WHAT TO WORK ON: Find the line that contains "- Nếu bạn đang" in the records below, then repeat exactly that line and each one after it, leaving pictures out.
== MATERIAL FOR THIS EXERCISE
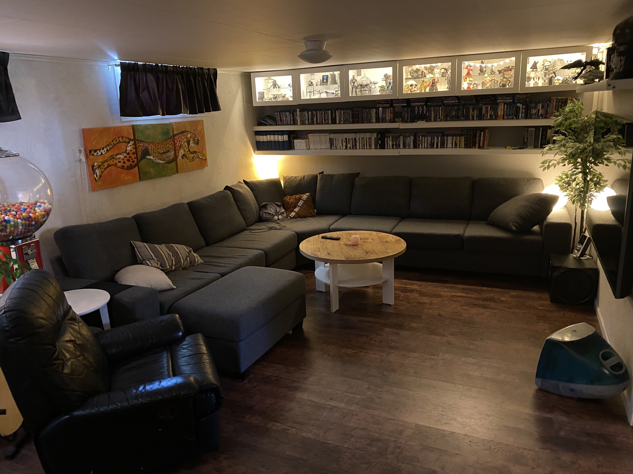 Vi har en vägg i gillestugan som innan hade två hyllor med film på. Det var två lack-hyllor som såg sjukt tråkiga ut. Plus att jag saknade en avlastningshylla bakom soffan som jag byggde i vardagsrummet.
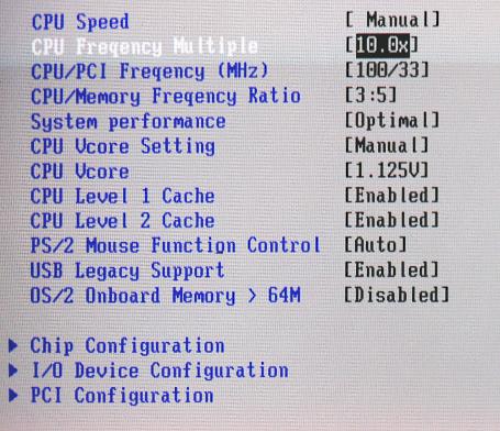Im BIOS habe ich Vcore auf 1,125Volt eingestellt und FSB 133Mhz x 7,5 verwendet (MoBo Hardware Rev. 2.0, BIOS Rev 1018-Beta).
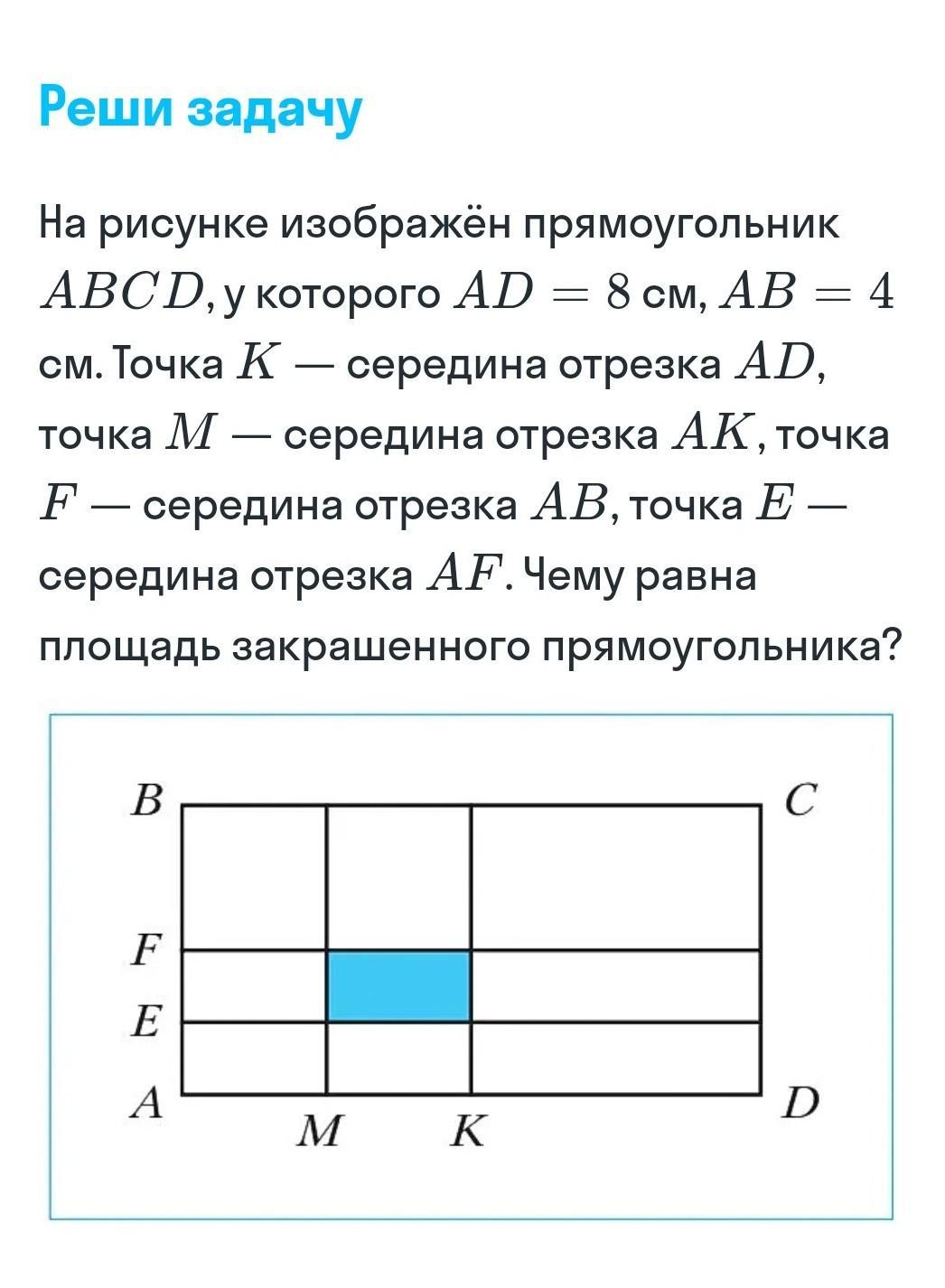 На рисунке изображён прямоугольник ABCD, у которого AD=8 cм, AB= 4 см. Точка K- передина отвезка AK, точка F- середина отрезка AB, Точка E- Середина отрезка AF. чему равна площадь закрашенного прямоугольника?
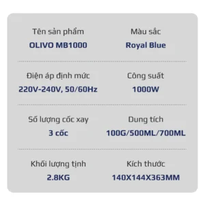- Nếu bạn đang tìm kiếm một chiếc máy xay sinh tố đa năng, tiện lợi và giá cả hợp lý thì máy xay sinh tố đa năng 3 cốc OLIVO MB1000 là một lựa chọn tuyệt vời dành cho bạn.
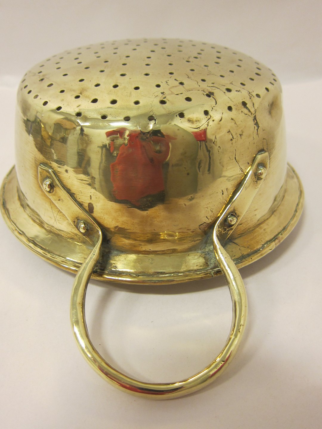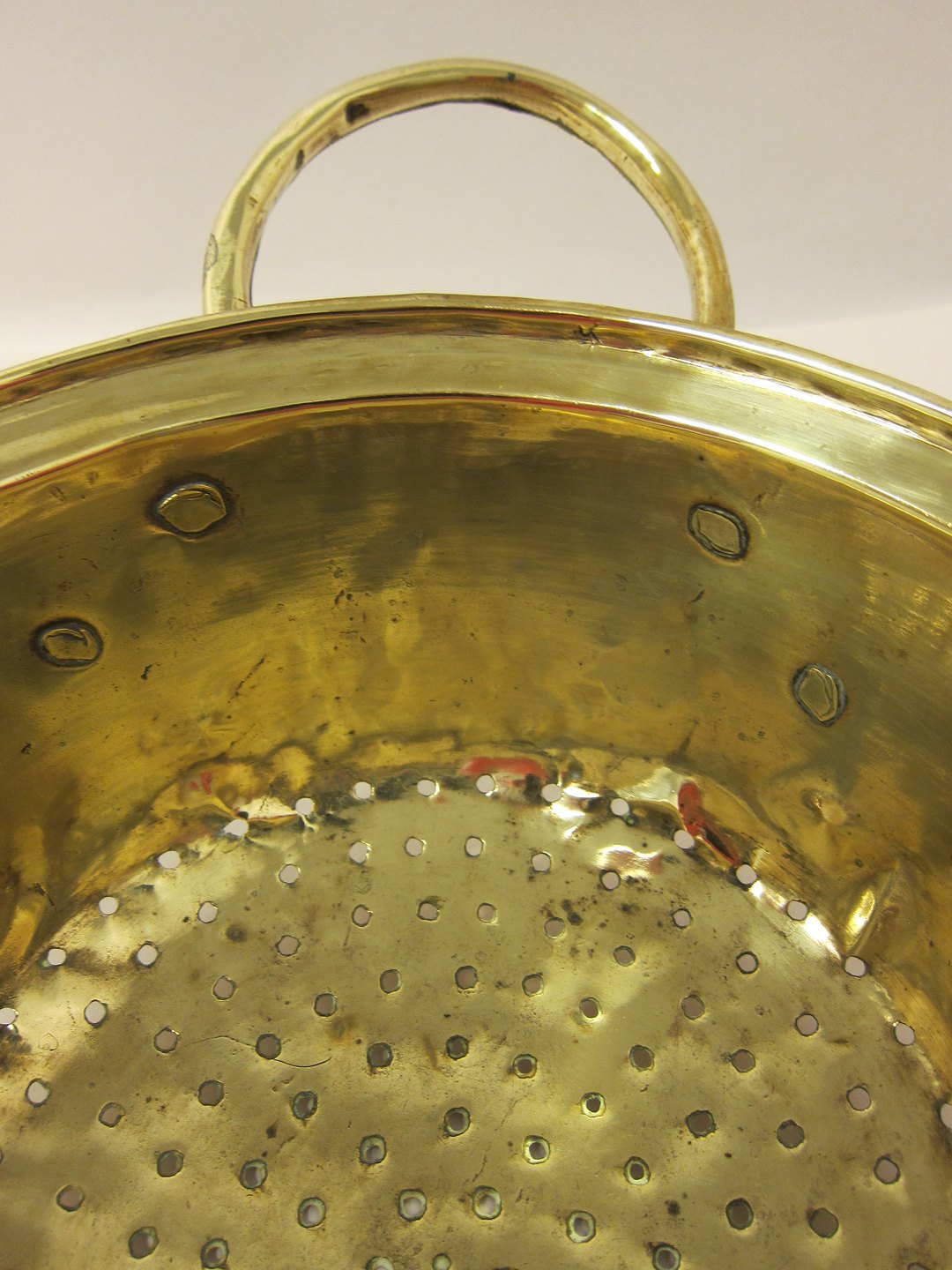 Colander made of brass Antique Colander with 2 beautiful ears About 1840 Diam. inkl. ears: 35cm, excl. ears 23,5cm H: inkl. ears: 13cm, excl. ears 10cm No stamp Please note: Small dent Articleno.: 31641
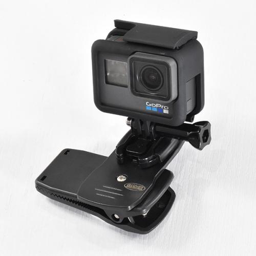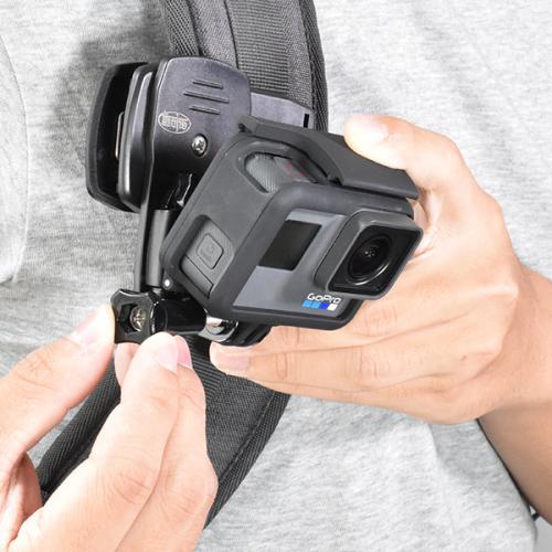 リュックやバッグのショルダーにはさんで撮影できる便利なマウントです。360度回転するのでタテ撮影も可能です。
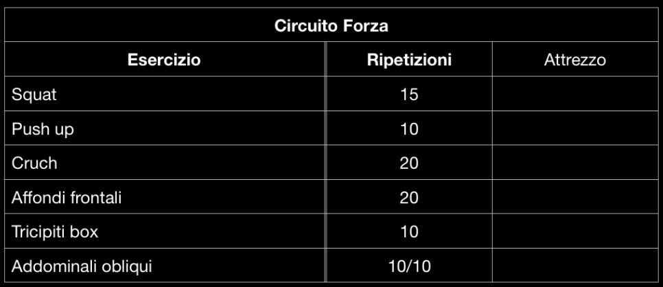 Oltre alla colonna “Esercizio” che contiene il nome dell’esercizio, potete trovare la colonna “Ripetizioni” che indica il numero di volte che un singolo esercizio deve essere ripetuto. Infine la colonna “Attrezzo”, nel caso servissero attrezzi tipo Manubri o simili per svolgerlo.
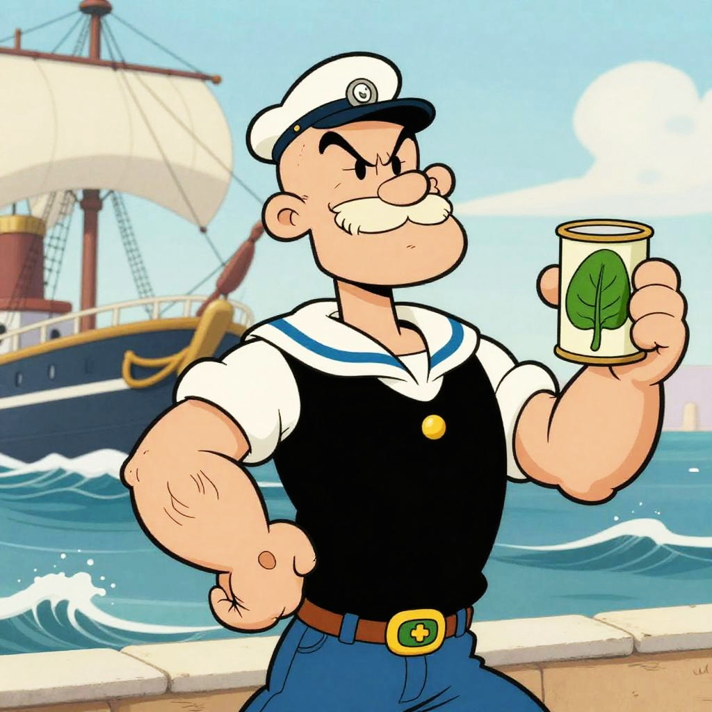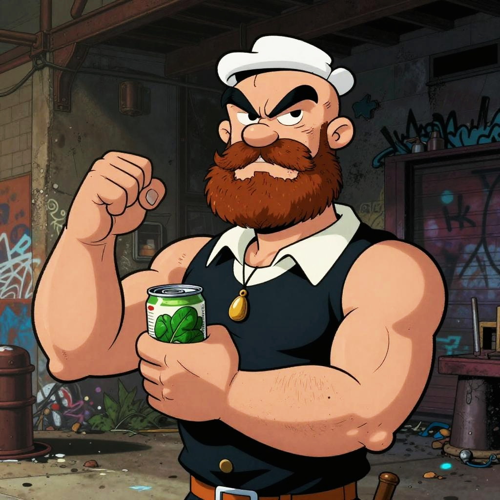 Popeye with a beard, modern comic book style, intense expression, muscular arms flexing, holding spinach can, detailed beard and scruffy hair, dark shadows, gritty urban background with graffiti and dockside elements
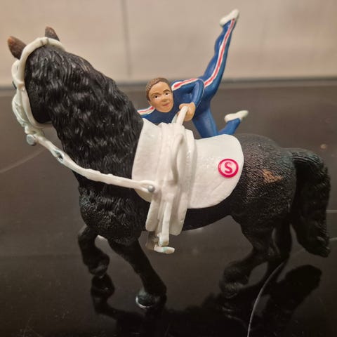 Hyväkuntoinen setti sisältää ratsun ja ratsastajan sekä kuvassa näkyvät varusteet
====
REPLY TO THE TASK:
- Nếu bạn đang tìm kiếm một chiếc máy xay sinh tố đa năng, tiện lợi và giá cả hợp lý thì máy xay sinh tố đa năng 3 cốc OLIVO MB1000 là một lựa chọn tuyệt vời dành cho bạn.
 Colander made of brass Antique Colander with 2 beautiful ears About 1840 Diam. inkl. ears: 35cm, excl. ears 23,5cm H: inkl. ears: 13cm, excl. ears 10cm No stamp Please note: Small dent Articleno.: 31641
 リュックやバッグのショルダーにはさんで撮影できる便利なマウントです。360度回転するのでタテ撮影も可能です。
 Oltre alla colonna “Esercizio” che contiene il nome dell’esercizio, potete trovare la colonna “Ripetizioni” che indica il numero di volte che un singolo esercizio deve essere ripetuto. Infine la colonna “Attrezzo”, nel caso servissero attrezzi tipo Manubri o simili per svolgerlo.
 Popeye with a beard, modern comic book style, intense expression, muscular arms flexing, holding spinach can, detailed beard and scruffy hair, dark shadows, gritty urban background with graffiti and dockside elements
 Hyväkuntoinen setti sisältää ratsun ja ratsastajan sekä kuvassa näkyvät varusteet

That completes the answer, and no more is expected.